Now it's nine hours later and the big guy is still MIA. Kidnappers have paraded him on the internet, which has been streamed to every media news outlet on the eastern seaboard. That was four hours ago. He's been tortured. His face and his white shirt are drenched in blood. They want serious ransom money, more than a billion dollars. The money, believe it or not, isn't the problem. Bruce's fortune is tens of billions, almost as much as Bill Gates. The problem is Bruce is the only man who can authorise a money transfer that extreme. And he needs to give the bank a password to make it official. Knowing Bruce, he hasn't even told them the name of his bank, much less what they need to get their hands on his money. While I'm sure that's an amazing display of resilience on his part, it doesn't help him get free.

Nine hours is a long time. Cops are everywhere on the estate, wiretapping phones and stacking hostage negotiators by the dozen. They don't call. All their demands were made on the video. Everything they want is on the video. They aren't calling. Ever. Jim Gordon says so. And he's never wrong about this kind of thing. It's grim. I expected Bruce to have escaped by now, gotten back here by now. Judging from the looks Alfie's been giving me, he expected it too. So, we're worried now. Bruce is really, freakishly strong, but if he's got a busted leg or missing a hand, he isn't getting free. And, even if I thought I could rescue him, I don't even know where he is. Everything he has a GPS tracker in – his belt, his shoes and his watch – were all left at the office when they grabbed him at gunpoint. These guys were smart. They knew. It makes me wonder what else they know.

Now, it's midnight. The police are still here, hoping for a miracle call that isn't coming. I'm still downstairs in the kitchen with Alfie. Neither of us can sleep. Until he walks through that door, we probably won't.

"Eleven hours, Alfie." I say sipping the hot chocolate he made me, "Eleven hours, and the big guy is still out there. Think he's…" I can't say it. I don't want to jinx it. Alfie shakes his head.

"No. Judging from the fact he's still not here, I would imagine they have yet to get so much as his favourite colour, much less anything credible."

"They must know they're never getting his money, right?"

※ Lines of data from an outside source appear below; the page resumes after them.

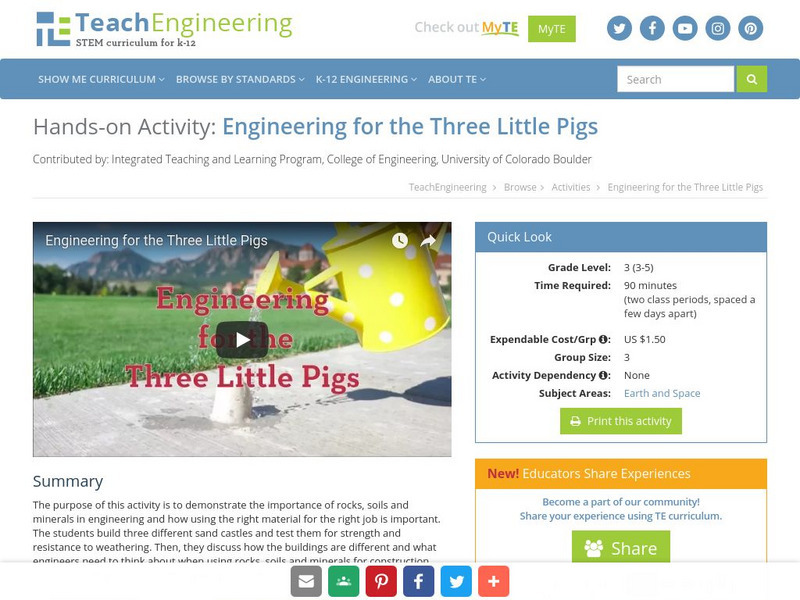 The purpose of this activity is to demonstrate the importance of rocks, soils and minerals in engineering and how using the right material for the right job is important. The students build three different sand castles and test them for...
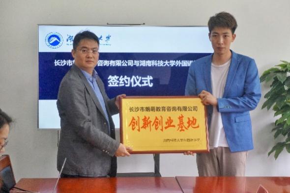 仪式伊始,党委副书记龙赢致辞。他介绍了公司的发展情况以及近年来各方面所取得的成绩,并对合作企业表示了感谢和祝福。随后,龙赢副书记分别与长沙市朗萌教育咨询有限公司代表和湘潭市浸泡村英语培训公司代表签署校企合作协议,并表示将在未来共同管理和推广外语角。龙赢副书记授予长沙市朗萌教育咨询有限公司及湘潭市浸泡村国际英语创新创业基地牌匾和聘书。合影留念后,大家移步至外语角参与揭幕仪式。本次外语角活动是由永利3044noc英语语言艺术团和日语俱乐部共同组织的第一次活动,现场气氛十分活跃。
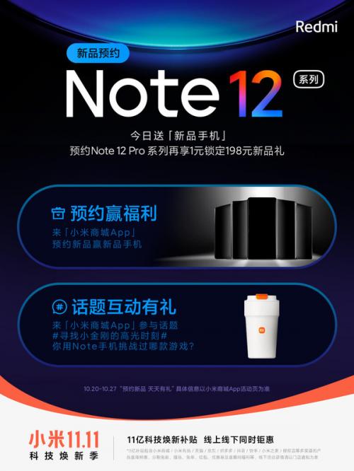 10月20日,Redmi红米手机正式官宣新机――Note 12系列。新机将于10月27日正式发布,现已开启预订。10月24日,手机中国了解到,官方宣布,今日上小米商城预约新品Note 12系列,可以抽送“新品手机”。

"It will begin to dawn on them soon."

"And when it does?"

"Let's…not think about that now."

"No, there are more immediate concerns." We both turn to find him stood there. He's been worked over really well. There's dried blood in his ears, under his nose and his mouth. The whole left side of his face looks ten-times worse than on the video, just a spiral of purple mounds. He has a black eye on the right, but neither one of his eyes is out of action. All his limbs are intact too, no breaks or missing fingers that I can see. His shirt is open to show dozens of burns on his chest, some of which look like they were caused by a hot iron. He's still stood up straight. His expression is still blank, as if nothing had happened at all. "Where are the police situated within the house?" He asks whilst helping himself to a glass of water from the sink. Alfie speaks because I can't.

"In the living room, Sir. Are you…"

"Move them. I need access to the library, now." He says setting the glass down and moving towards the dining room. He's nuts if he thinks he can go out in this condition. Alfie's on his feet to fight for common sense.

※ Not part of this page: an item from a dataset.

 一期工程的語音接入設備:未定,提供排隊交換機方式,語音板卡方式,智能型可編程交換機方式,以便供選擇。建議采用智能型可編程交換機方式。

"We need to tell them you're no longer in danger, Master Bruce. We cannot…"

"I am not in danger, but others are. They have hostages. If the police issue a statement that says I am no longer incarcerated, they will die. Move them out of the living room now. You have five minutes." Alfie looks at me, maybe for support or just some guidance. I can't do anything but shrug my shoulders. Bruce doesn't look at either of us. He wants to get at the cave and nothing else. The old man sighs and clears his throat.

"Where should I relocate them?"

"The other side of the house. Go now. We have less than two hours." Alfie goes because we can't do anything else. Bruce won't be reasoned or argued with at the minute. We either help him or he helps himself, which would only make things a lot worse. When Alfie's out the room, the big guy's eyes slowly drift to mine. I hold his gaze as long as I can, but it's too intense for a prolonged staring contest. After two minutes of crushing silence, I look away. "You need to accompany me. There are twenty hostages. I cannot save them by myself."

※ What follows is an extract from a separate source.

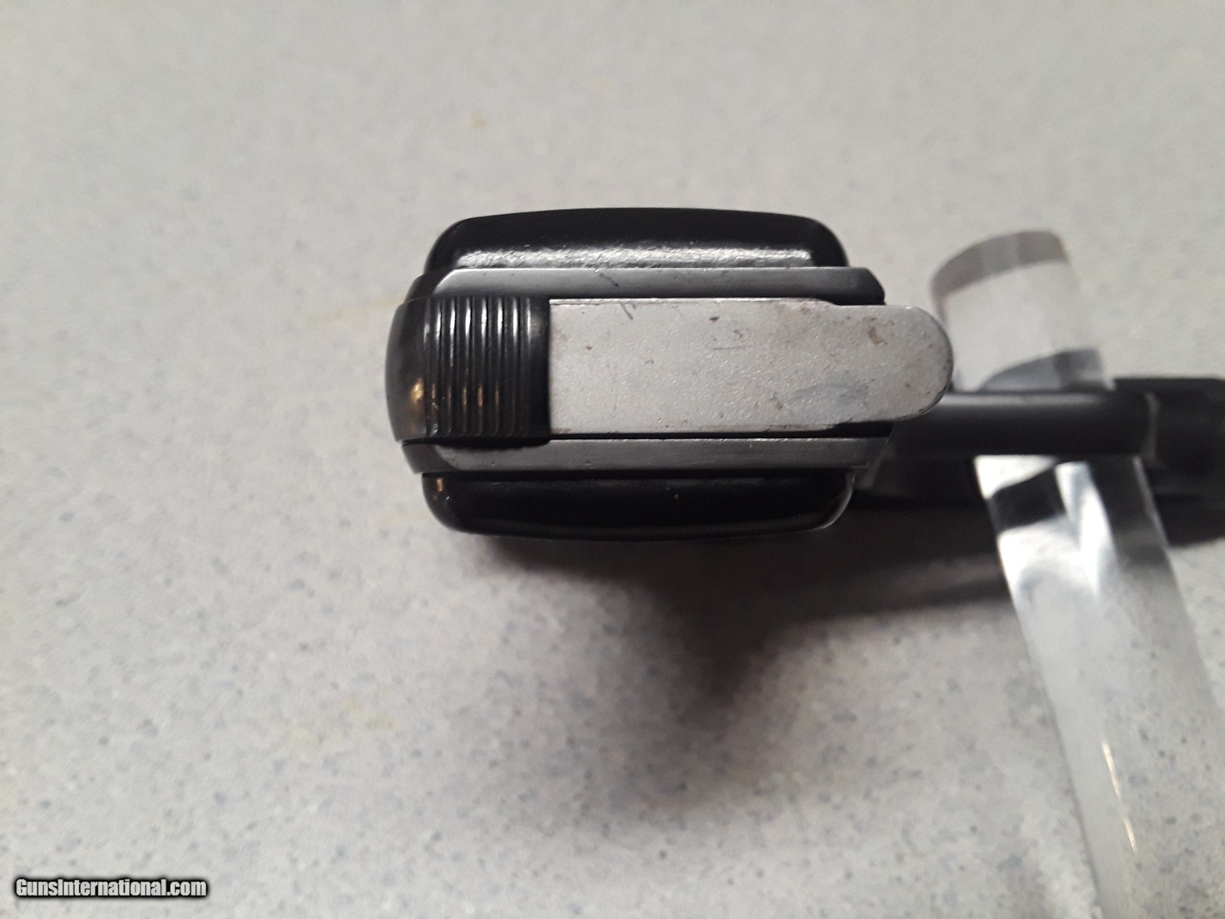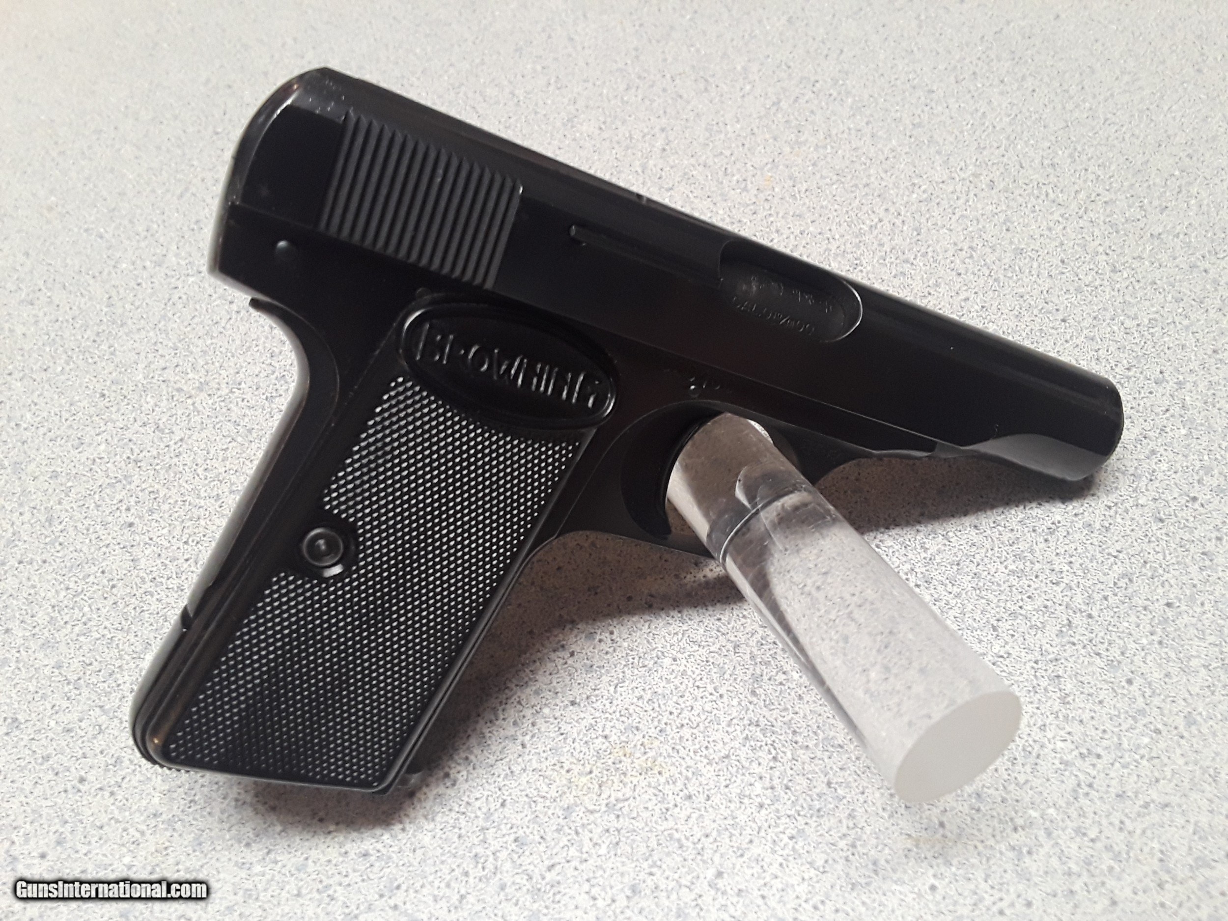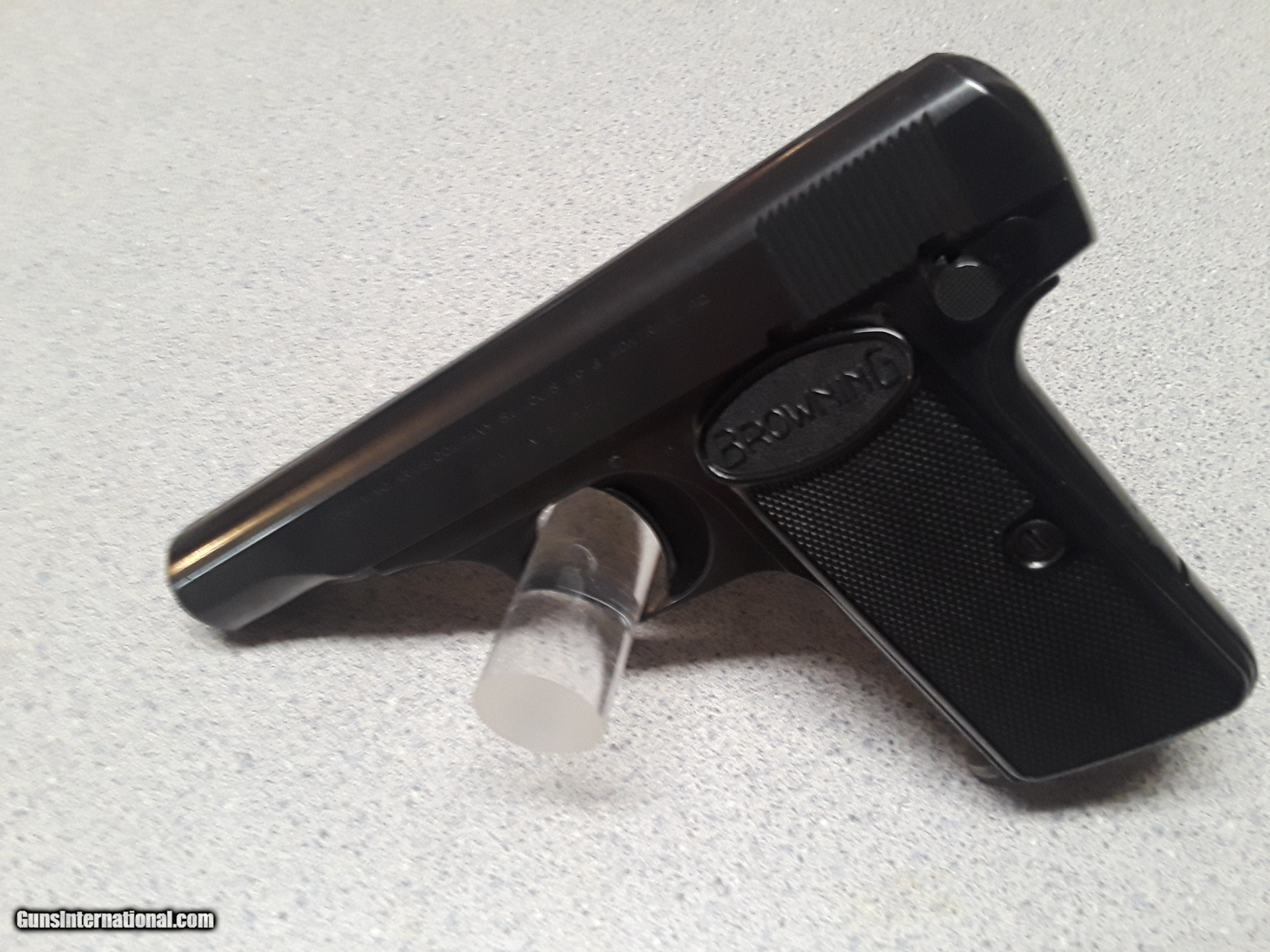 Description: The item for sale is a Browning Model 1955 pistol made in Belgium and chambered for the 380 ACP cartridge. This is one of the guns manufactured in the final year, 1969, before production was shutdown. This is in excellent condition and truly collector quality. The gun shows very little if any use. The original factory blue is 98-99% and the original grips are excellent. The original magazine is missing. The replacement magazine is inferior condition and should be replaced. Fortunately these magazines are available. If you are looking for one of these Browning pistols it will be difficult to find any nicer. We will require a FFL copy prior to shipment. Please include $25 for shipping and insurance. SOLD Curio/Relic: Yes Handgun Caliber: .38 Auto (.38 ACP) Manufacturer: Browning Model: 1955 Serial Number: 628186 Condition: Excellent Metal Condition: Excellent Bore Condition: Excellent Finish: Original Factory Manufacture Date: 1969 |

"Why weren't they mentioned on the news too?"

"They have been gathered over several weeks. Most of them are teenage homeless runaways. This group are trying to indoctrinate them into their organisation."

"How?"

"They forced them to torture me. It is apparently part of their desensitisation training. Those who refused to…were eliminated."

"How…how many died?"

"Three."

Alfie returns and tells us the police have been shifted to the drawing room on the other side of the house. Bruce doesn't even thank him. He just goes straight to the library. We both follow him warily. He opens the clock and begins to descend, motioning barely for me to follow. I glance back at Alfie who gives a look that I know is asking me to promise to keep the big guy safe. I don't know if I can, but I nod if only to reassure him. Then I go into the dark too.

By the time I'm putting on my domino mask, I see Bruce already heading for the car two floors down. His cowl is up and there's nothing to suggest he's endured horrific torture or is carrying any injury at all as he opens the car door and climbs inside. A double somersault later sees me join him in the passenger side. The mask hides every trace of damage underneath. As he fires up the engine and begins the turn out of the cave, I can't help look at his chest. I don't know how he can function with all those burns. It must be agony. Still, nothing shows on his face – it's just its usual grim self. I let five minutes go by in total silence before opening my mouth.

"How'd you escape?"

"I appealed to one of the children during torture. Later, after my guards had left me unattended, the girl returned and loosened my bindings as instructed. Once she had disappeared, I conducted my escape."

"How many people did you knock out?"

"One. That way, a single individual will be blamed for my escape rather than suspicion falling on the children."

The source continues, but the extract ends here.